# Larry's Performance RC's



## Mark Adams (Oct 23, 2002)

*Does anyone know if Larry's is open on December 26th and are they racing?*


----------



## Xpressman (Dec 6, 2001)

Yes and no.


----------



## Ted Flack (Sep 26, 2001)

MArk,


The store hours are 11:00am to 4:00 pm. The track will be open for practice, I guess.

Ted


----------



## Greg Anthony (Sep 10, 2002)

Too bad there is no where to race tomorrow!


----------



## Mark Adams (Oct 23, 2002)

Thanks Guys!


----------



## Ted Flack (Sep 26, 2001)

All right, I can't stand it anymore.

I have got to brag a little ( from RC Tech):

"It was down to the wire with the top four guys on TQ runs."

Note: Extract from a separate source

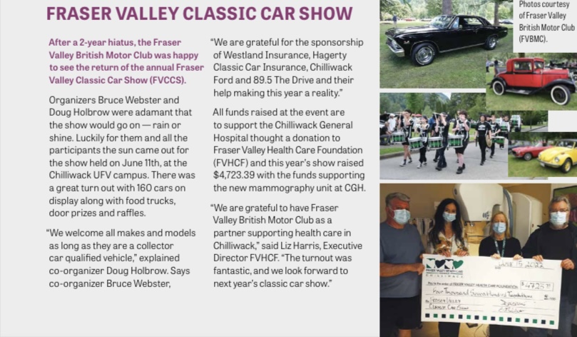 The Fraser Valley Classic Car Show was held on Saturday, June 11th, 2022. The weather did not deter attendees and the show proved to be a successful event. Donations at the show went to the Fraser Health Care Foundation to aid in the purchase of equipment for the Chilliwack Hospital.

The top ten for 19 turn are:

1.Brian Jucha (top TQ)
2.Chris Tosolini
3.Brian Kinwald
4.*Bobby Flack
*5.Walter Henderson
6.Berry Baker
7.Mike Blackstock
8.Mike Dumas
9.Paul LeMieux (Broke during the last run)
10.Ralph Burch


----------



## D. Holcomb (Mar 3, 2002)

Quite a Meechigan connection. Go Bobby.


----------